Heavy Oil Flow Inside a Submarine Pipe
SimTec conducted a Computational Fluid Dynamics (CFD) project for the heavy oil flow inside a submarine pipe, during the fuel feeding of a power generation station on a Greek island from a tanker ship. The pipe consists of a flexible rubber part, which is attached on the tanker and a permanent steel part with a cement coating of 1 [cm]. Both parts have neither insulation nor heating system. The flexible pipe is assumed to have a perpendicular position, whereas the steel pipe of 650 [m] length lies on the sea bottom and has a small inclination towards the island shore. The junction of the two pipes takes place at a sea depth of 10 [m].
The heavy oil enters the pipe at an elevated temperature of 50 [oC], whereas the sea temperature is assumed at [oC] (wintertime). The purpose of the study was to detect possible solidification of the heavy oil (solidification temperature is 30 [oC]).

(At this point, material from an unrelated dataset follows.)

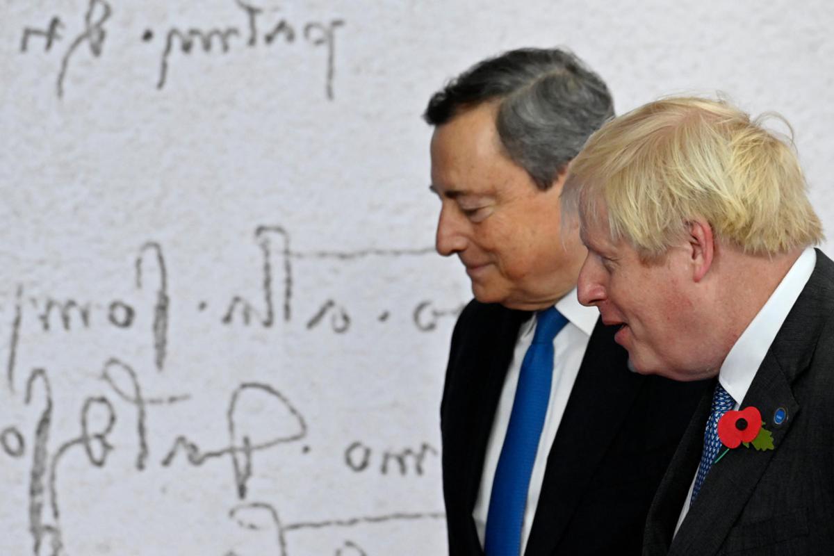 Una volta di fronte, Johnson e Draghi hanno prima accennato una stretta di mano, andata male dopo qualche tentennamento. Allora hanno tentato di far incontrare le nocche, inutilmente. Alla fine è stato il premier britannico a uscire dall’impasse dando a Draghi un piccolo pugno sulla spalla.
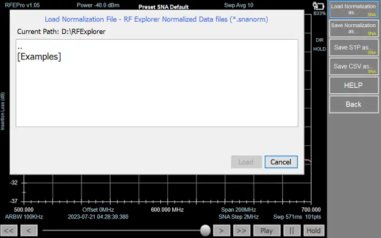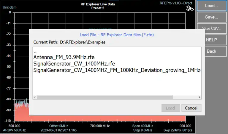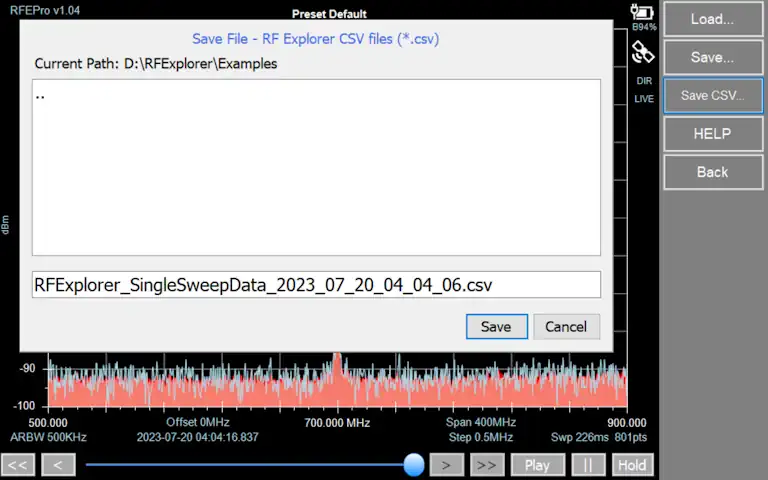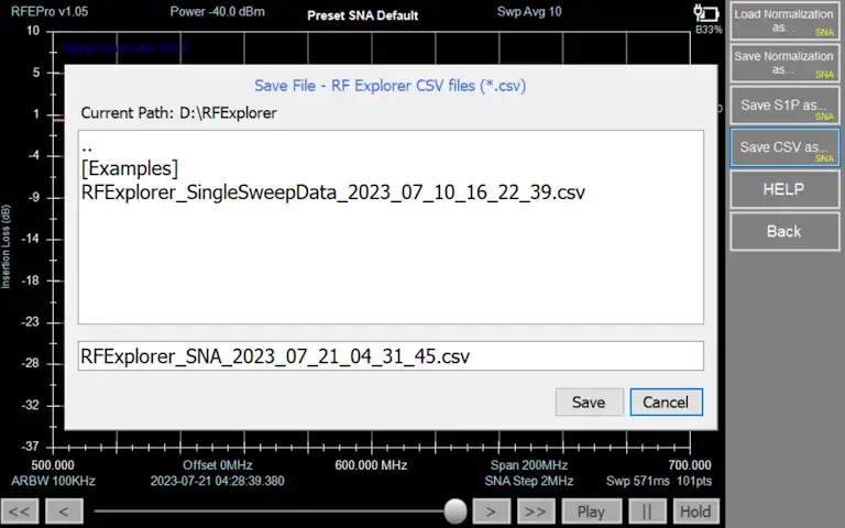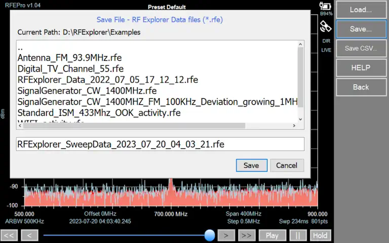 By default files are stored in USB removable drive if available, otherwise the target directory will be “MyDocuments\RFExplorer”

The simulation was performed by the CFD package FLUENT. Initially at time=0 [s] the pipe was assumed to be filled with sea water. The solution confirmed that the combination of the flow rate (600 [m3/h]) and the feeding temperature prohibit the large-scale solidification of the heavy oil, hence the obstruction of the pipe.
The CFD study included:
- Creation of the geometric model and computational mesh in the pre-processor GAMBIT.
- Solution of the fluid flow inside the pipe along using simultaneously multiphase model (sea water – heavy oil), heat transfer and phase change (solidification – melting).
The results showed that the sea water – heavy oil interface is changing with time as the heavy oil flows into the pipe (1st animation) creating small pockets of solidified heavy oil, which at a later time melt again due to the hot stream that comes from the tanker. This can be associated with the 2nd animation that shows the corresponding temperature field in the pipe. The evolution of the temperature of the various parts of the system is presented in the 2nd figure. The 1st figure shows the time history of the total pressure drop inside the pipe, therefore representing the pumping demand for the feeding system of the tanker.